The distinguishing factor for this compound comes down to careful control at every stage. Time in production has taught us that raw material quality and the way we manage solvents define the repeatability of each lot. Years ago, we struggled through batches that crystallized unpredictably or refused to dissolve as needed—it cost us real money and customer trust. Through hard-earned adjustments in monitoring temperature and pH, tweaking our purification protocol, and steering away from over-oxidation, we raised purity to a range that nearly always exceeds 99%. Our in-house analytical chemists run HPLC and NMR before final release—not due to paperwork, but because it heads off expensive rework for downstream partners.
Our standard model of 1,3-dimethyl-6-aminouracil fits the most common synthetic requirements, offered as a fine white to off-white crystalline powder. Molecular formula C6H8N4O2, with an average molecular weight of 168.2. Particle size control keeps settling and mixing straightforward in most settings—key for partners running continuous batch processes or pilot-scale production. Moisture levels stay consistently below 0.5%, thanks to low-humidity drying protocols that our technical team refined after battling caking during longer shipping times. Our close management of residual solvents and strict sieving give clients confidence for GMP routes, where consistency beats over-optimization.
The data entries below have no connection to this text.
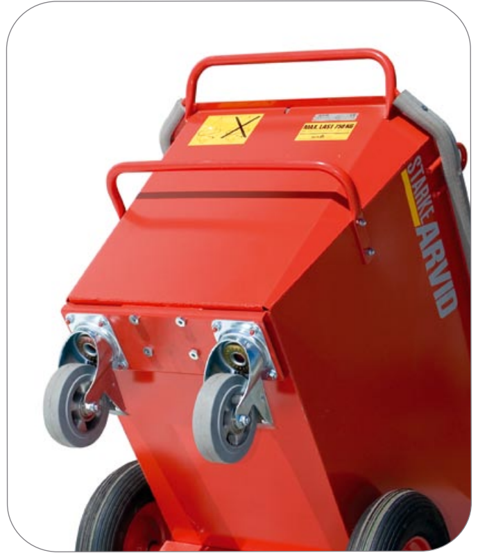
Double castors Double handles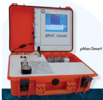
Figure 1 Portable analyzer automating complex analytical methods

In particular, a modular measurement prototype based on Enzyme Linked Immuno- Magnetic Optical (ELIMO) assays, is operative to detect microalgae from genera Alexandrium , Dinophysis and Pseudo-nitzschia . The water sample is automatically pretreated by a separated automated module performing water sampling, cells preconcentration and lysis.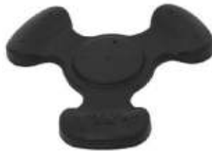
RAP-279U RAM RUBBER COATED WEIGHTED DASH BASE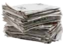
Newspaper Remove bags, strings & rubber bands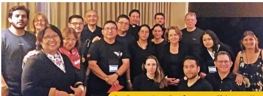
On Becoming Conference, Chicago, IL

The Latin American and Caribbean team at the On Becoming conference wore black on Thursday in keeping with #ThursdaysInBlack campaign, a global movement resisting attitudes and practices that permit rape and violence.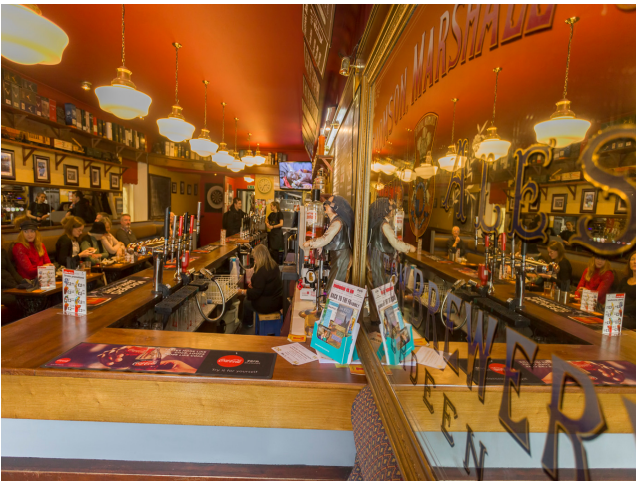
St Machar Bar

more regular visits to our rare classics may not have prevented the sad loss at least we could have managed to get a decent collection of photos before this classic bars's crown jewels were permanently shorn from the fixtures and fittings of what is now a warm and friendly, but not quite so gleaming, establishment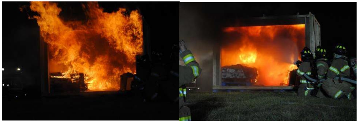
Residence Hall Fire Simulation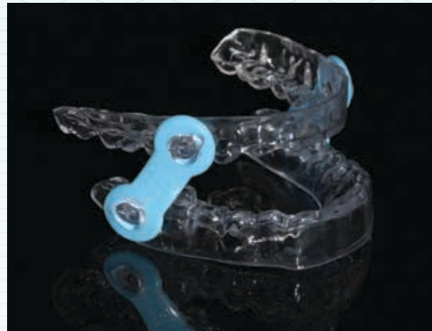
(Above) The EMA is an oral appliance for noninvasive treatment of snoring and OSA.

For severe cases, physicians may recommend surgery to remove soft tissues in the back of the throat to keep the airway open. But some statistics show that this surgery may only last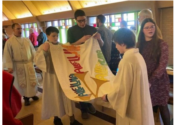
Above: Acolytes assist with saying "Farewell to Alleluia" prior to the beginning of Lent.

Below: Sunday School students enjoyed a Mardi Gras party complete with decorated masks and games on February 11.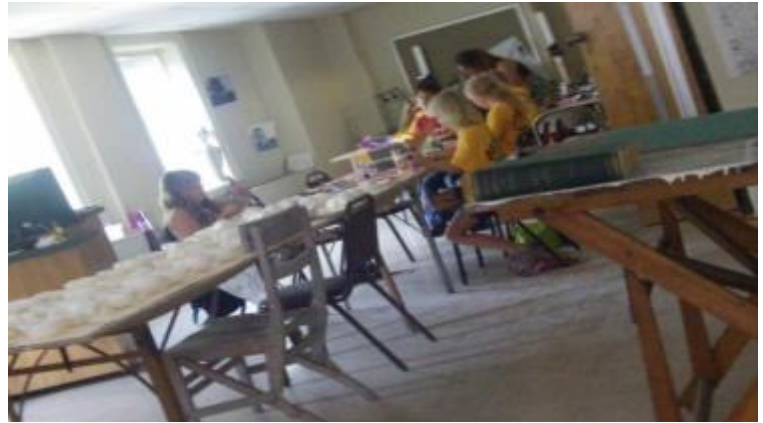
Students in Global Arts designing their masks

When I asked one of the students what she liked about College for Kids, she said she liked that the kids had the freedom to pick what they wanted to do. So far they have been working on sugar skulls, masks and ofrendas. Finishing the interview, she said she would definitely do the class again. If the activities changed year after year, she'd be back because she loved the class so much!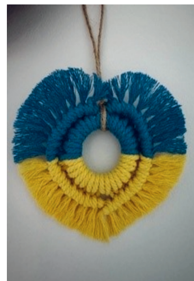
Ukrainian ornament from the Lord Roberts Holiday Craft Market.

was reminded of the significant ties to Ukraine in this riding. It is an honour to strengthen the bond between our two countries by voting for this agreement that helps our allies during this time of great need.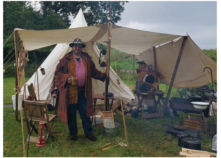
Enjoy a little bit of history this summer at Minnesota Pioneer Park located along Highway 55 in Annandale.

For more information visit Pioneer Park's website at www.pioneerpark.org , email pioneerp@lakedalelink.net or call 320-274-8498.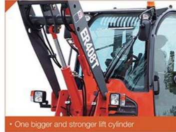
• One bigger and stronger lift cylinder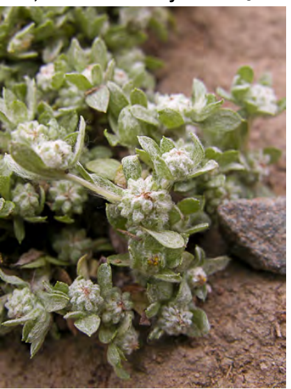
SLENDER WOOLLY-MARBLES (Psilocarphus tenellus) Native Annual - Sunflower Family - (Mar–Jul) - Common. Dry, seasonally moist slopes, flats, burns, trails, rarely vernal pools - Plant hairy. Leaves spoon-shaped. Disk flowers 4-lobed.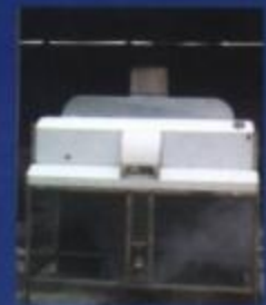
啓動除煙賣後的油煙排放情況 Oil mist emission – CrystalVent is turned on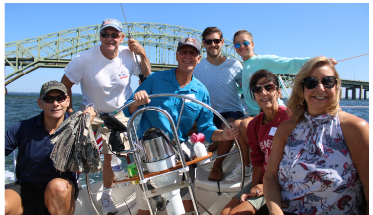
One of the eight participating sailboats from the Babylon Yacht Club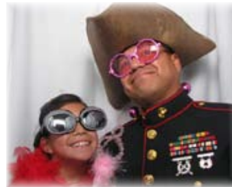
DAUGHTERS ‘SPRUCE UP’ THEIR FATHERS FOR PHOTOS THEY’LL NEVER FORGET.

The San Diego Armed Services YMCA was recognized by the Drew Brees Dream Foundation . Drew Brees announced that he is the new host of the annual Cox Celebrity Golf Championship at the Morgan Run Golf Course and the proceeds from this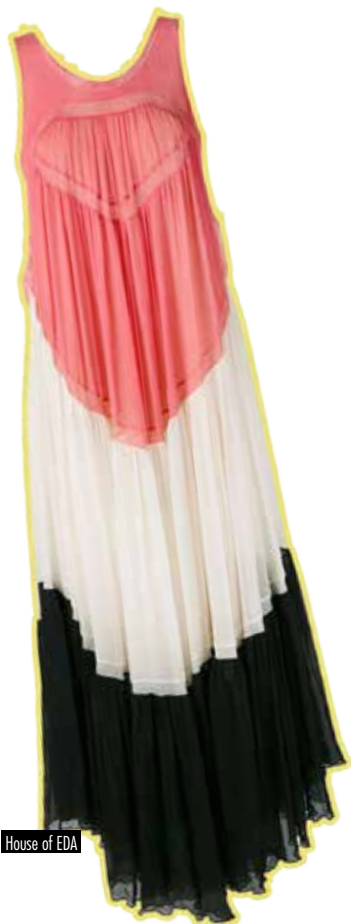
House of EDA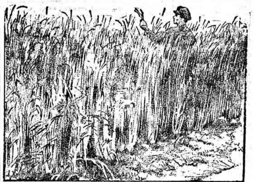
Nasha Gazeta (Our Newspaper) of Moscow pictures the harvest of the Soviet Union in the above illustration under the title, "Comrade Harvest of 1926."

A subscription to THE DAILY WORKER for one month to the members of your union is a good way. Try it.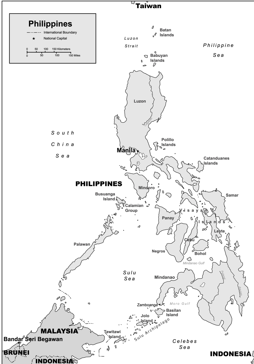
Figure 5. The Philippines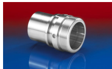
CONNECT THREAD FITTING 234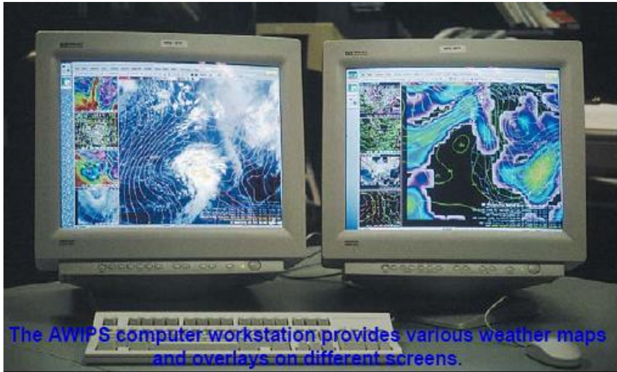
Fig.2 Disseminating weather information through different agencies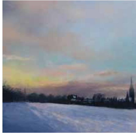
Last light looking towards Bruntsfield 30cm x 30cm, Oil on board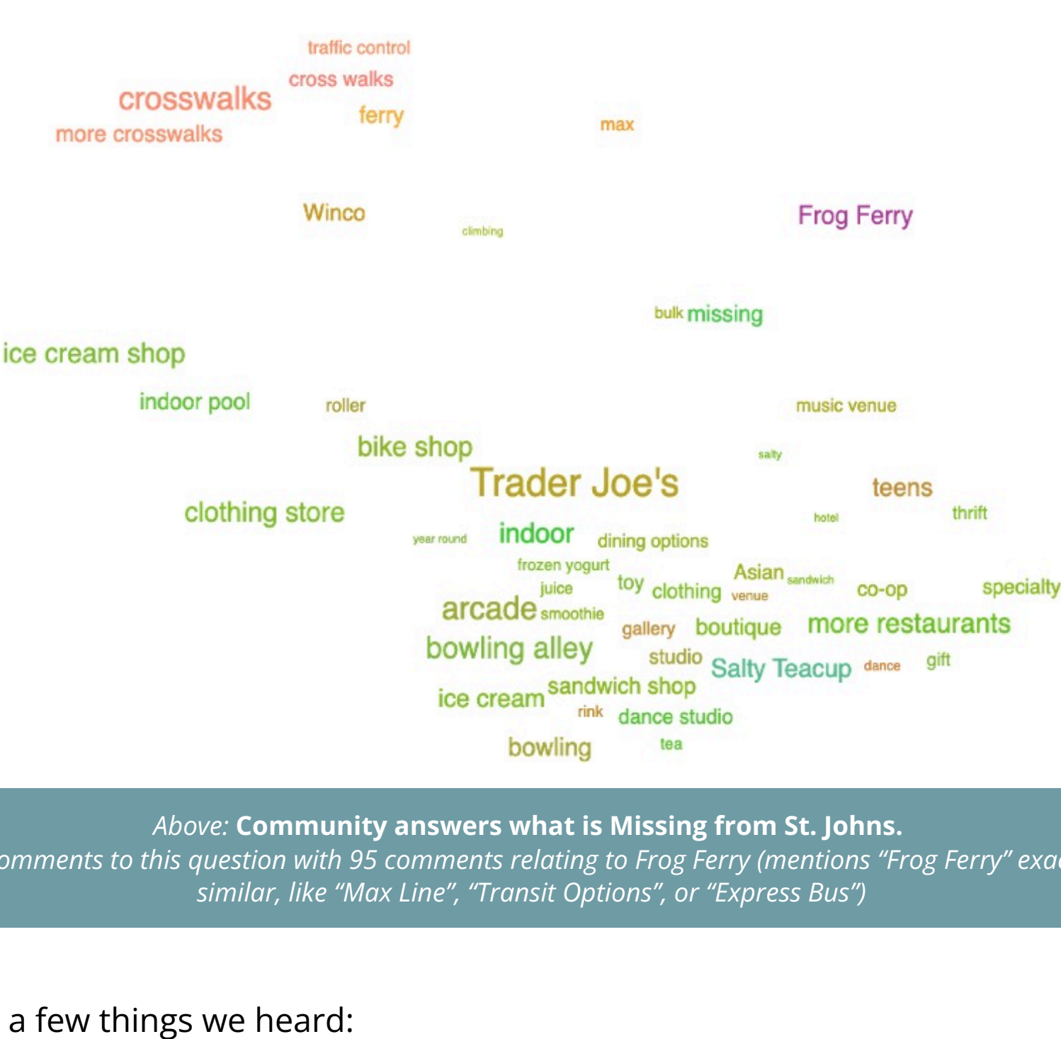
Above: Community answers what is Missing from St. Johns. 734 comments to this question with 95 comments relating to Frog Ferry (mentions "Frog Ferry" exactly or similar, like "Max Line", "Transit Options", or "Express Bus")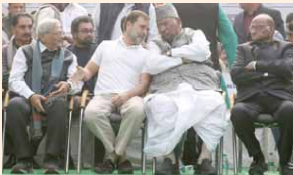
Congress president Mallikarjun Kharge talks with party leader Rahul Gandhi as CPI(M) general secretary Sitaram Yechury and NCP chief Sharad Pawar look on during a protest of INDIA bloc at Jantar Mantar in New Delhi on Friday

PIONEER NEWS SERVICE ■ NEW DELHI/PATNA/ MUMBAI/ KOLKATA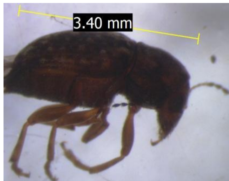
Fig 8: Adult of coffee bean weevil, A. fasciculatus

contain more moisture percentage which may be the reason for more infestation of this beetle to the stored nuts. The adult beetle is small (3-4 mm) in size with a humped body outline and long legs (Fig. 8). The dorsal side is interspersed with dark and light brown and the antennae are long with a three-segmented club. Both adult and grub damage the nuts by making holes of 1.5-2.5 mm diameter.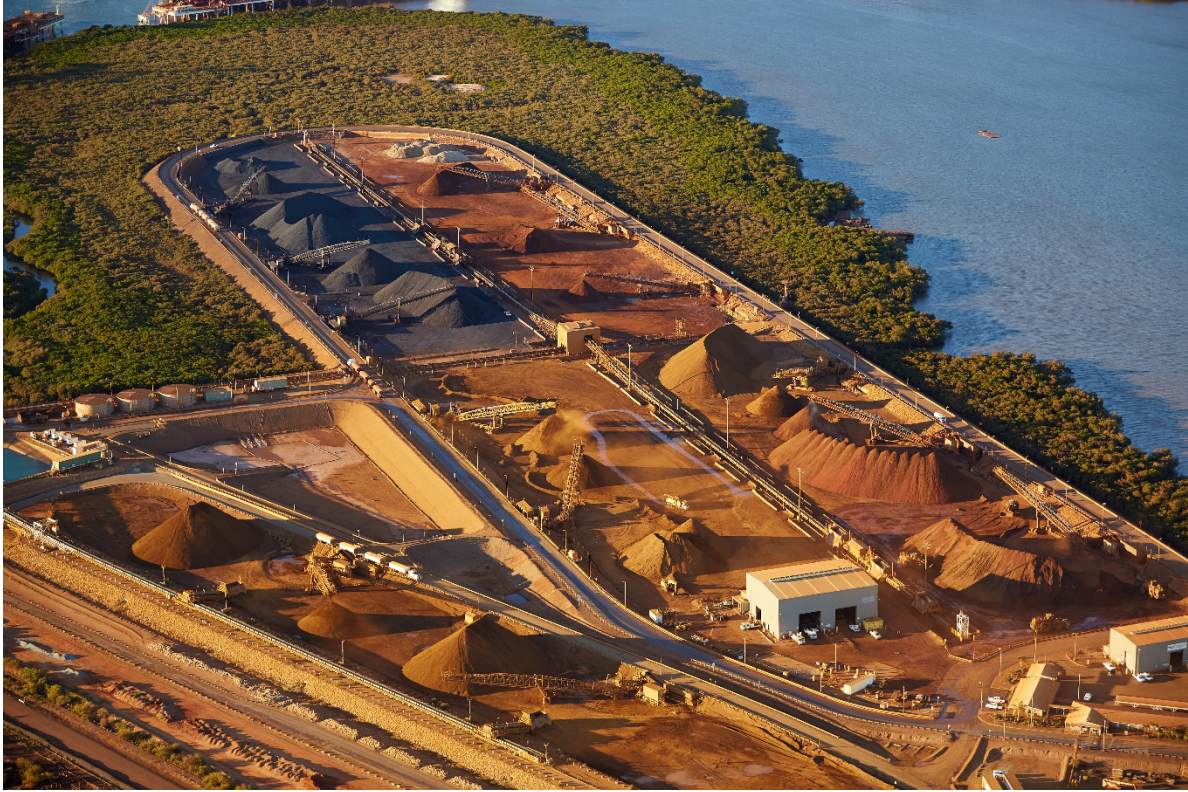
Figure 3: Utah Point, Multi User Berth at the Port of Port Hedland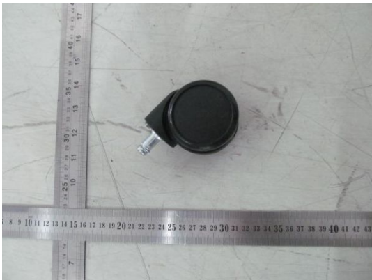
Material No. 16

We do not rely on off-the-shelf raw stock. Instead, sourcing teams—people with a decade or more in our business—work directly with upstream producers. That reduces exposure to inconsistent intermediate quality, which once caused some costly project delays. In our labs, we sample and test all inputs before the first reactor kicks off. If a batch doesn’t meet profile, we reject it on the spot. These checks feel burdensome at times but pay off when every container lands on a client’s loading dock matching agreed specs.
Most differences between uracil derivatives emerge in the plant, not the catalogue. Unlike alternatives such as unmodified uracil or mono-methyl versions, 1,3-dimethyl-6-aminouracil holds its own under harsher conditions. Its solubility in polar solvents like dimethyl sulfoxide and N,N-dimethylformamide streamlines reflux or coupling processes. Our customers in active pharmaceutical ingredient manufacturing see cleaner conversions with less byproduct formation due to stable amine and methyl groups. Fewer cleanup steps mean less solvent use, less re-work, and better margins.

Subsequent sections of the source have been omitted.